# Roland HD-1 V-drums



## jacksonplayer (Sep 1, 2008)

I just won a Roland HD-1 V-Drum set on eBay. This is the entry-level V-drum kit, which is nice for a beginner for several reasons: 

--price. I got mine used for $400.
--compactness.
--ease of setup
--the sounds in the module are surprisingly good for the price. I can always MIDI out to my Motif ES-6 if need be.
--the kick and hi-hat pedals are triggers rather than regular pedals, which is nice for not having to buy additional hardware and so my downstairs neighbors won't get as much "thump" at 3am.
--Has a mesh snare.

Roland HD-1 V-DrumsÂ® Lite :: Overview

I looked at the comparable Yamaha and Simmons units, but they have rubber snares, which I find almost unplayable. 
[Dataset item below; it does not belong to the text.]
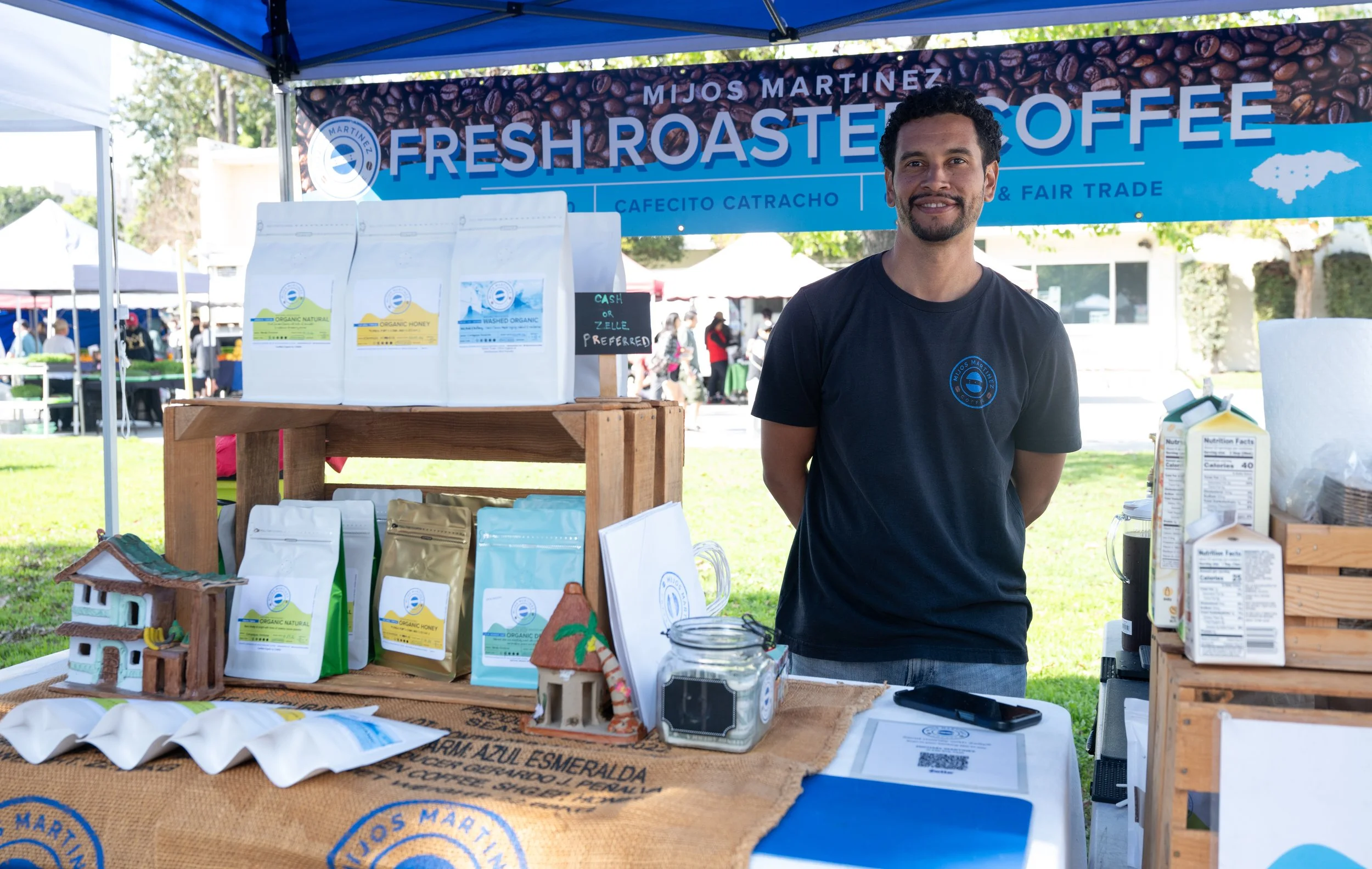 His stand offers hot and cold options for customers to try out, including specialty drinks like Brown Sugar Banana and Coconut Cold Brew. Customers can also take bags of Hondruan coffee beans home or order them online at mijosmartinez.com.

The biggest downsides of the Roland are that none of the drums have multiple zones, the snare doesn't have a rimshot, and having two pedals limits you--it has a double kick setting, but then you have no pedal control over the hi-hat.

Despite these limitations, I think the HD-1 will serve my recording needs. I'm basically a beginner. I've been programming drums for 20 years and can keep some basic beats on the real thing. But there's really no need to spend $2,000+ on a better V-Drum setup until I can actually play stuff...


----------



## twiztedchild (Sep 2, 2008)

I been trying this same one out at guitar center. Im thinking about getting it to learn to play the drums. Plus my 2 year old son loves playing it also, every we go to GC he wants to play them 

it has one setting where its a bunch of "Voice" sounds, that is freaky 


check out this video. it has all the sounds from the set.
Stop Dreaming, Start Drumming. :: V-Drums Lite HD-1


----------



## jacksonplayer (Sep 2, 2008)

twiztedchild said:


> I been trying this same one out at guitar center. Im thinking about getting it to learn to play the drums. Plus my 2 year old son loves playing it also, every we go to GC he wants to play them



My wife also wants to learn to play drums, so I can already see us flipping a coin to see who gets the V-Drums every evening. Maybe we'll have to get "his and hers" sets... 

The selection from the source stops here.